AI Orchestrator
The conversational interface that translates natural language into verified synthetic data through a typed tool surface and multi-provider LLM routing. Engine selection and routing are fully automatic.
Architecture
The AI Orchestrator is a unified system with two surfaces: a single-turn front door for straightforward requests, and an autonomous multi-step executor for more complex work. Both share the same tool surface, LLM routing, policy layer, and audit infrastructure.
| Component | Role |
|---|---|
| Single-turn front door | Handles one user message, makes one tool call, returns an immediate response |
| Autonomous multi-step executor | Plans multi-step pipelines, executes with self-healing, delegates complex goals |
| Typed tool surface | Catalogue of typed, schema-validated operations with approval policy |
| Multi-provider LLM routing | Provider-neutral LLM access (OpenAI, Anthropic, Gemini, Azure, self-hosted) with automatic failover |
| Policy layer | Enforces plan limits, seal boundaries, and per-tenant budgets |
| PII redaction | Detects and redacts sensitive data before it leaves the session |
Automatic Intent Routing
The orchestrator analyses every user message to determine intent and automatically routes to the appropriate engine and tool set. There is no manual selection step.
| User Intent | Routing | Surface |
|---|---|---|
| Generate data from a description | Mock Engine | Single-turn |
| Train and synthesize from uploaded data | AI Synthesize | Single-turn or autonomous |
| Generate with hard domain constraints | Constrained Synthesis | Single-turn or autonomous |
| Simulate SCADA/OT plant telemetry | Virtual SCADA | Single-turn or autonomous |
| Create ICS attack datasets | ICS Security | Single-turn or autonomous |
| Complex multi-step pipeline | Auto (cross-engine) | Autonomous |
ℹSingle-turn delegates to autonomous automatically
Tool Categories
Tools are classified into 4 categories that determine approval requirements:
| Category | Approval | Examples |
|---|---|---|
| Read-only | None | Status and listing operations over your own resources |
| Deterministic | When artefacts created | Seed-reproducible data operations that do not require training |
| Authoring | Required | Operations that draft or modify job specifications and scenarios |
| Compute-heavy | Always | Training, large-scale synthesis, and constraint-safe sampling |
Plan and Approval Protocol
When a tool requires approval, the orchestrator returns a plan — a structured description of the operations to be executed, along with estimates and expected outputs. The user must approve or reject the plan before execution.

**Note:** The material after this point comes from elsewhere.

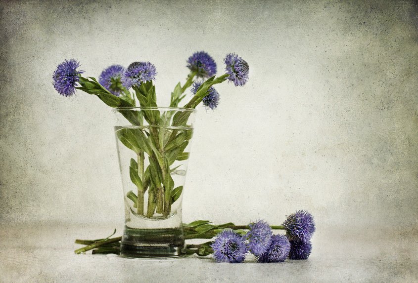 Несколько равнозначное построение композиции за счёт, видимо, сходного количества цветов в стакане и на поверхности... Их бы внизу освободить, разбросать... Но сама идея хороша... :)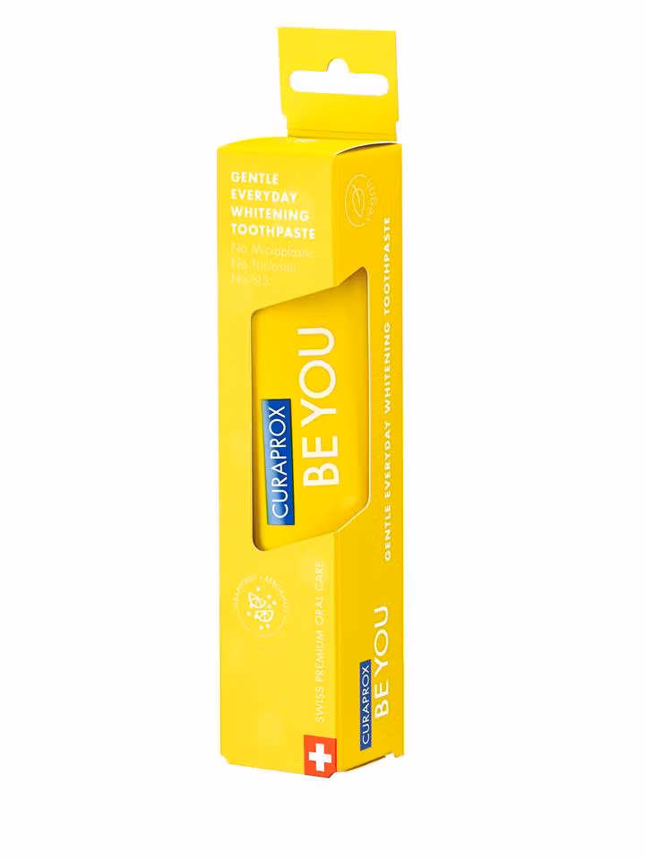 Curaprox Be You një pastë dhëmbësh me grejpfrut dhe qitro, të kombinuar me nenexhik dhe mentol. Falë Enzimave, Hidroksiapatitit dhe Bimëve mbron nga kariesi, ju jep një frymëmarrdhje të freskët, ndihmon kundër ndjeshmërisë, nuk provokon aknet, minimizon pllakat dhe kujdeset për mishrat e dhëmbëve. Efekt zbardhues me Oksidazën e Glukozës. Mbrojtje nga kariesi nga fluori dhe ksilitoli. Mentol jep freski të qëndrueshme dhe Silica bën një pastrim të butë. Kompleksi Bioflavonoid i agrumeve. Provitamin B5 (panthenol).Pa SLS.

A plan includes the selected operations, estimated latency and cost class, the determinism seed, and the list of artefacts the job will produce. Approval flow: the orchestrator stores the plan, the user approves or rejects, on approval the orchestrator executes, persists audit logs, and returns job IDs and evidence references.
Multi-provider LLM routing
The platform provides multi-provider LLM support with automatic failover:
- OpenAI, Anthropic, Gemini, Azure OpenAI, and OpenAI-compatible self-hosted models
- Per-tenant bring-your-own-key support (bypasses the AI request cap)
- Provider priority list with deterministic fallback ordering
- Centralised token accounting for budget enforcement
- Every call emits provider, model, token usage, latency, and request identifier
Session Endpoints
| Method | Path | Description |
|---|---|---|
| POST | /v1/client/chat/sessions | Create a new chat session |
| POST | /sessions/{id}/messages | Send message, receive response and optional recipe |
| POST | /sessions/{id}/turns/{tid}/approve | Approve recipe and execute |
| POST | /sessions/{id}/turns/{tid}/reject | Reject recipe |
| GET | /sessions/{id}/messages | Paged message history |
| GET | /sessions/{id}/state | Session state and resource summary |
| GET | /sessions/{id}/stream | SSE live stream (events: connected, tool_call, message, done, approval_required) |
Audit Trail
Every orchestrator session produces a complete audit trail stored across 6 tables: chat turns (recipe + approval state), tool call logs (name, category, args, timing), tool result logs, assistant trace artifacts (prompt hash, output hash), resource references, and LLM usage logs (token counts for billing).